■ **SUPPLIED MATERIAL**
..............................

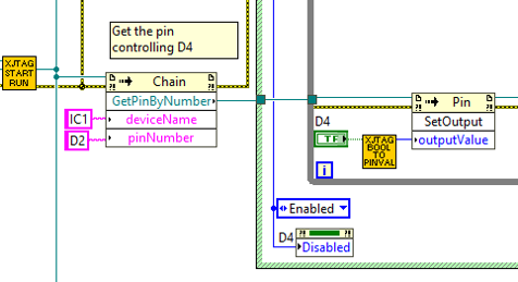 var chain = chainRunner.Chain; var pins = chain.GetAllPins(); var devices = chain.Devices(); var pin1 = chain.GetPinByNumber("IC1", "A1"); var pin2 = chain.GetPinByNumber("IC5", "3"); pin1.SetOutput(PinValue.High); // set pin A1 of IC1 high var readValue = pin2.ReadValue; // read the value of IC5 pin 3.
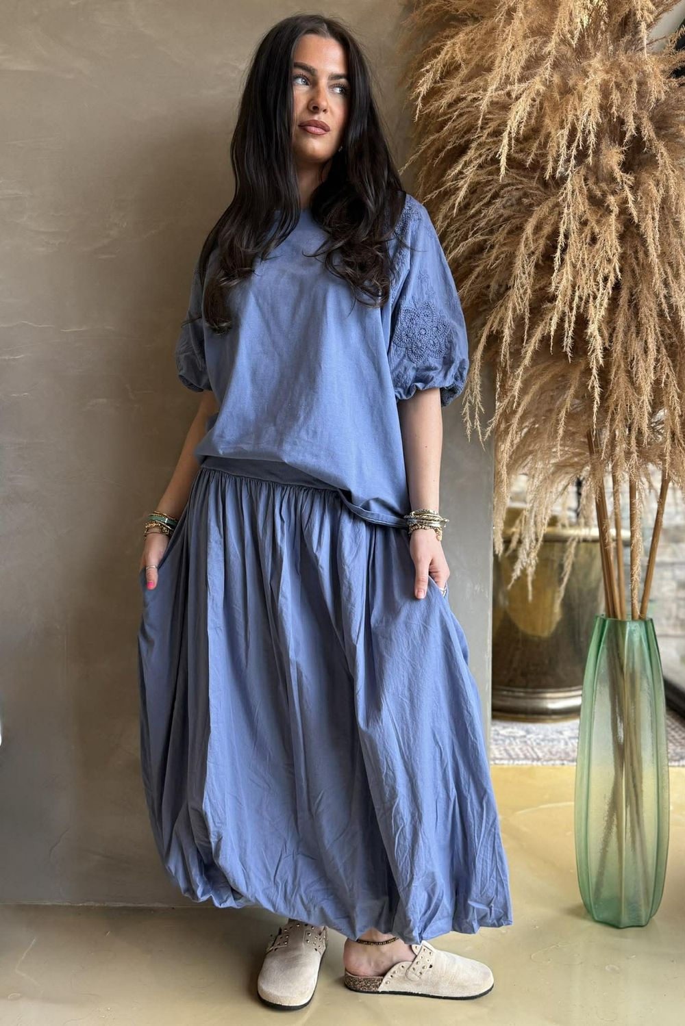 Elevate your everyday wardrobe with our Atik Bubble Sleeve Top, a modern silhouette inspired by romantic vintage dressing and contemporary fashion styling, slips into your wardrobe to wear with pieces from our Lagen or Paloma collection. Made from lightweight stretch pure cotton jersey, the body offers breathable comfort with a flattering, easy drape. The classic round neckline keeps the shape timeless — a nod to traditional wardrobe staples that form the foundation of effortless style. The raglan bubble sleeves draw inspiration from Victorian and Edwardian-era shirting, where volume and detail were key design features. Made from structured shirting cotton, they create a beautiful contrast against the soft jersey body. The shirring elasticated cuff, allows you to style the sleeve with as much volume and drama as you desire — echoing the romantic sleeve revival seen across modern fashion collections. Intricate crocheted cotton floral appliqué and subtle tonal embroidery pay homage to traditional handcraft techniques, celebrating texture and artisanal detail. These delicate embellishments add depth and dimension while maintaining a refined, understated finish — perfectly balancing femininity with everyday wearability.
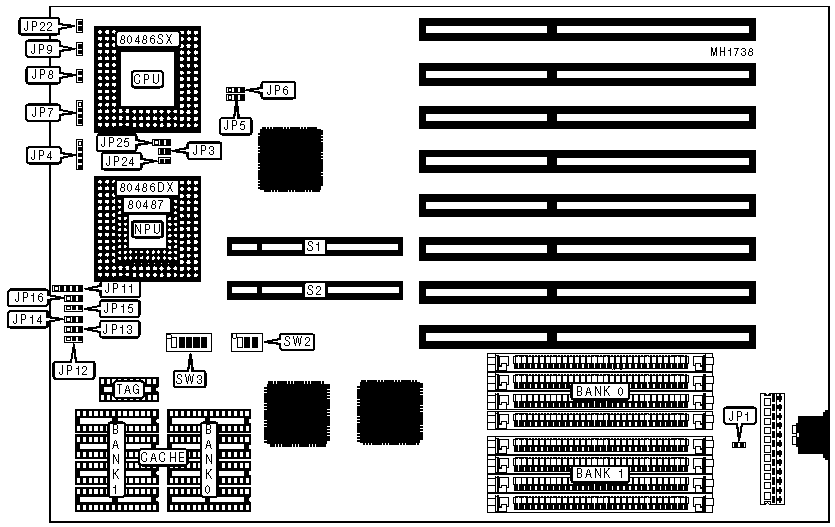 | Reset switch | JP8 | 32-bit VESA Local | S1 & S2 |
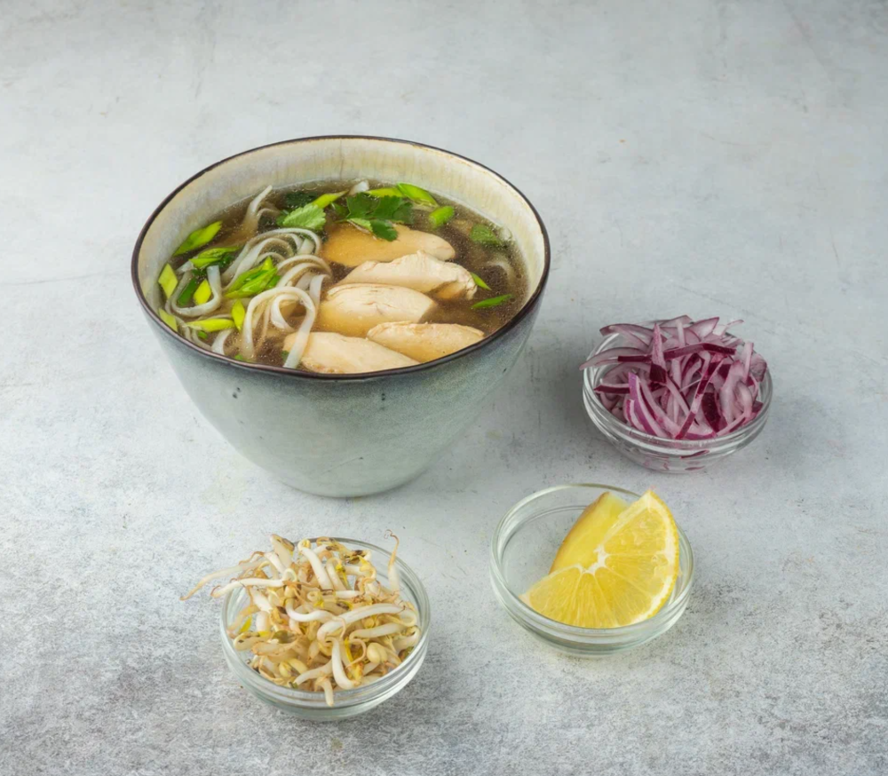 Этот суп - настоящий шедевр азиатской кухни. В нём сочетаются насыщенный мясной бульон с пряностями, обжаренное филе цыплёнка, упругая рисовая лапша и яркие акценты в виде маринованного лука, соевого соуса, лимона, имбиря, зелени и бобовых ростков. Идеальный баланс вкусов и текстур, который порадует гурманов.

..............................

■ **WORK TO COMPLETE**
Everything in the listing above must be retyped exactly, except for the pictures.

■ **EXERCISE RESPONSE**
 var chain = chainRunner.Chain; var pins = chain.GetAllPins(); var devices = chain.Devices(); var pin1 = chain.GetPinByNumber("IC1", "A1"); var pin2 = chain.GetPinByNumber("IC5", "3"); pin1.SetOutput(PinValue.High); // set pin A1 of IC1 high var readValue = pin2.ReadValue; // read the value of IC5 pin 3.
 Elevate your everyday wardrobe with our Atik Bubble Sleeve Top, a modern silhouette inspired by romantic vintage dressing and contemporary fashion styling, slips into your wardrobe to wear with pieces from our Lagen or Paloma collection. Made from lightweight stretch pure cotton jersey, the body offers breathable comfort with a flattering, easy drape. The classic round neckline keeps the shape timeless — a nod to traditional wardrobe staples that form the foundation of effortless style. The raglan bubble sleeves draw inspiration from Victorian and Edwardian-era shirting, where volume and detail were key design features. Made from structured shirting cotton, they create a beautiful contrast against the soft jersey body. The shirring elasticated cuff, allows you to style the sleeve with as much volume and drama as you desire — echoing the romantic sleeve revival seen across modern fashion collections. Intricate crocheted cotton floral appliqué and subtle tonal embroidery pay homage to traditional handcraft techniques, celebrating texture and artisanal detail. These delicate embellishments add depth and dimension while maintaining a refined, understated finish — perfectly balancing femininity with everyday wearability.
 | Reset switch | JP8 | 32-bit VESA Local | S1 & S2 |
 Этот суп - настоящий шедевр азиатской кухни. В нём сочетаются насыщенный мясной бульон с пряностями, обжаренное филе цыплёнка, упругая рисовая лапша и яркие акценты в виде маринованного лука, соевого соуса, лимона, имбиря, зелени и бобовых ростков. Идеальный баланс вкусов и текстур, который порадует гурманов.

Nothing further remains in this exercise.